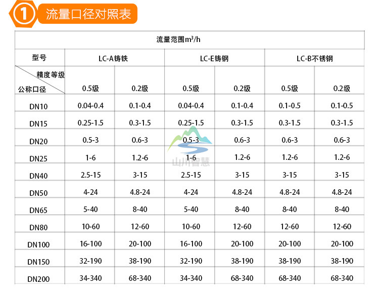 ① 公稱壓力(MPa):0.6、1.0、1.6、2.5、4.0  ② 工作溫度:(℃):-10~60  ③ 精度等級(jí):0.5、0.2  ④ 流量范圍:(m3/h)
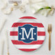 Patriotic Red White Blue Custom Monogram Initial Paper Plates
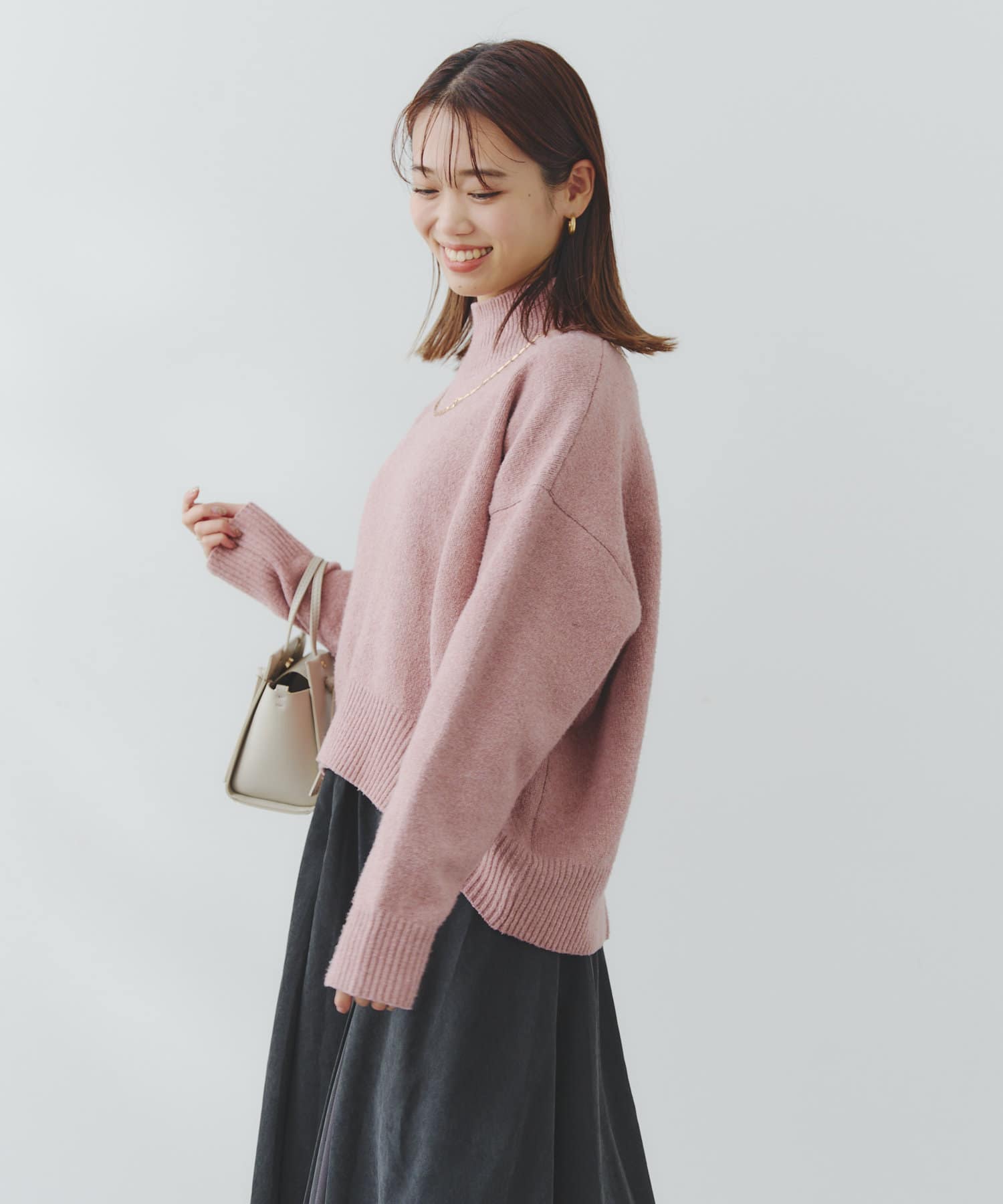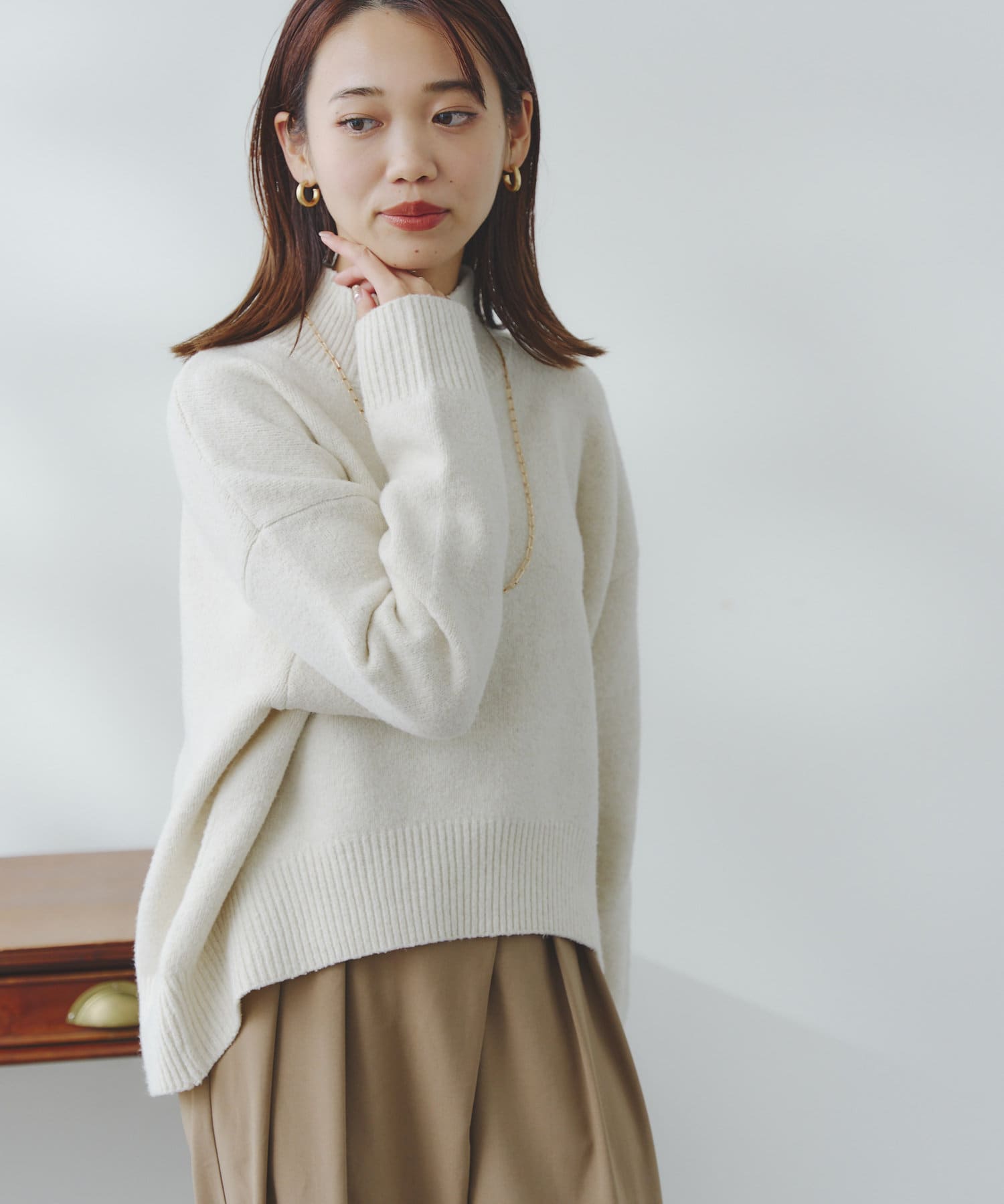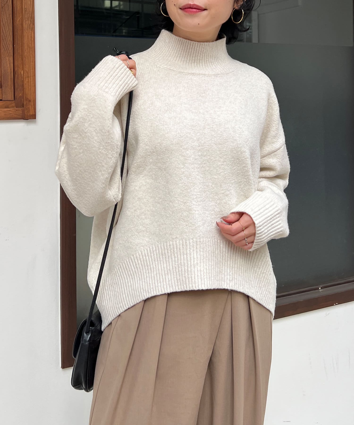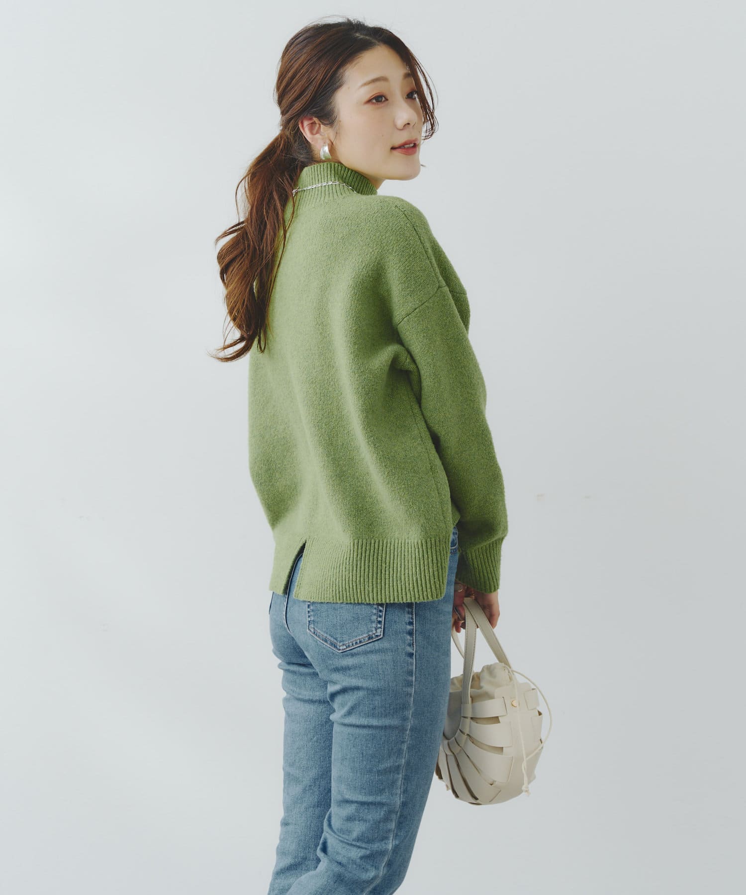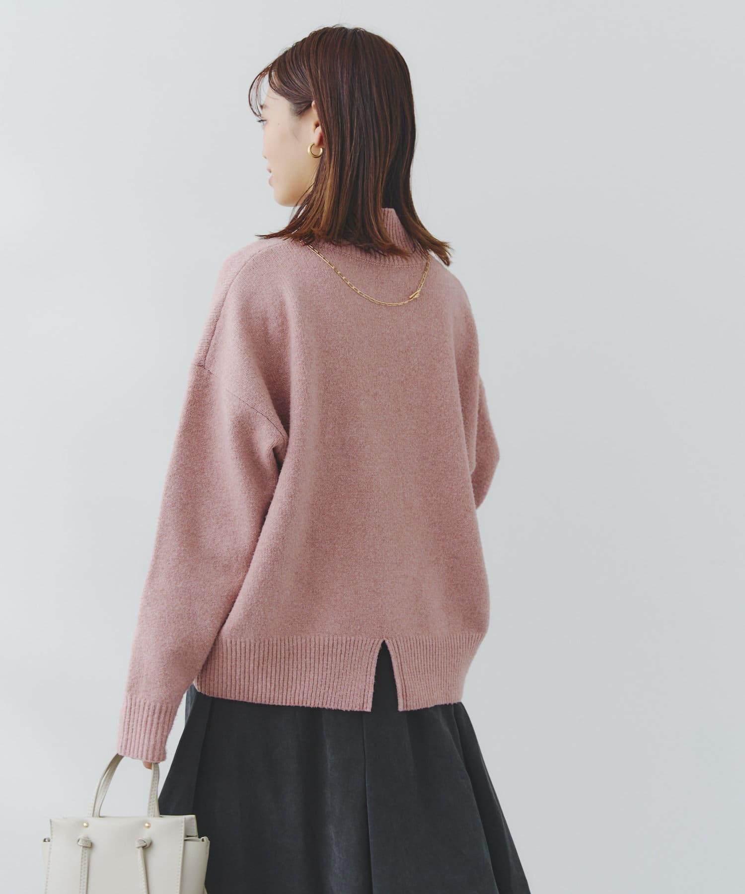 バックスリットがこなれ感を出してくれるシンプルなハイネックニット。
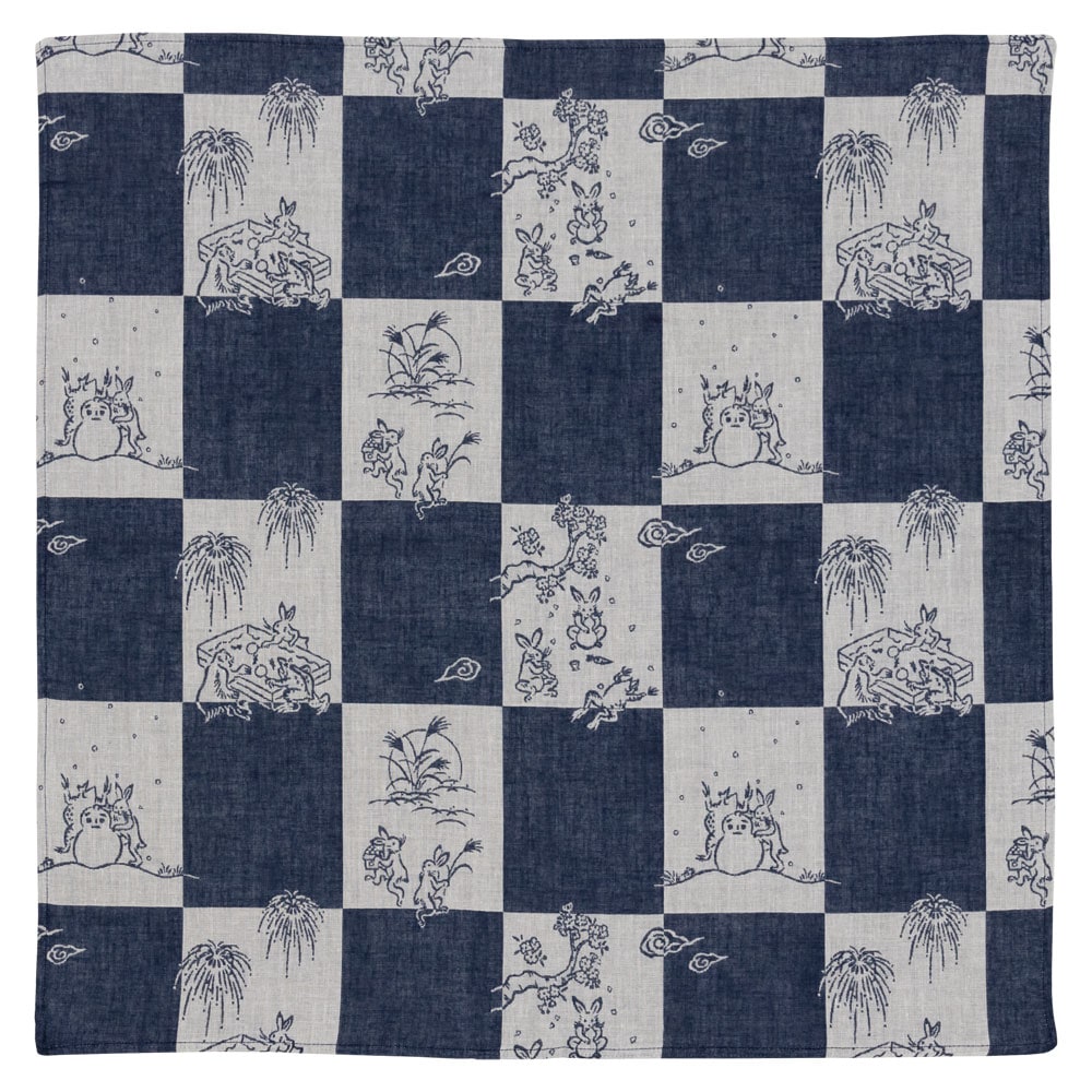 鳥獣戯画 ダブルガーゼふろしき チーフ48cm 市松模様 Choju-giga Furoshiki Wrapping cloth

What the exercise asks
What is needed is an exact restatement of the lines from the line with "Patriotic Red White" through the final line of the data, pictures excluded.

Response to this task
 Patriotic Red White Blue Custom Monogram Initial Paper Plates
 バックスリットがこなれ感を出してくれるシンプルなハイネックニット。
 鳥獣戯画 ダブルガーゼふろしき チーフ48cm 市松模様 Choju-giga Furoshiki Wrapping cloth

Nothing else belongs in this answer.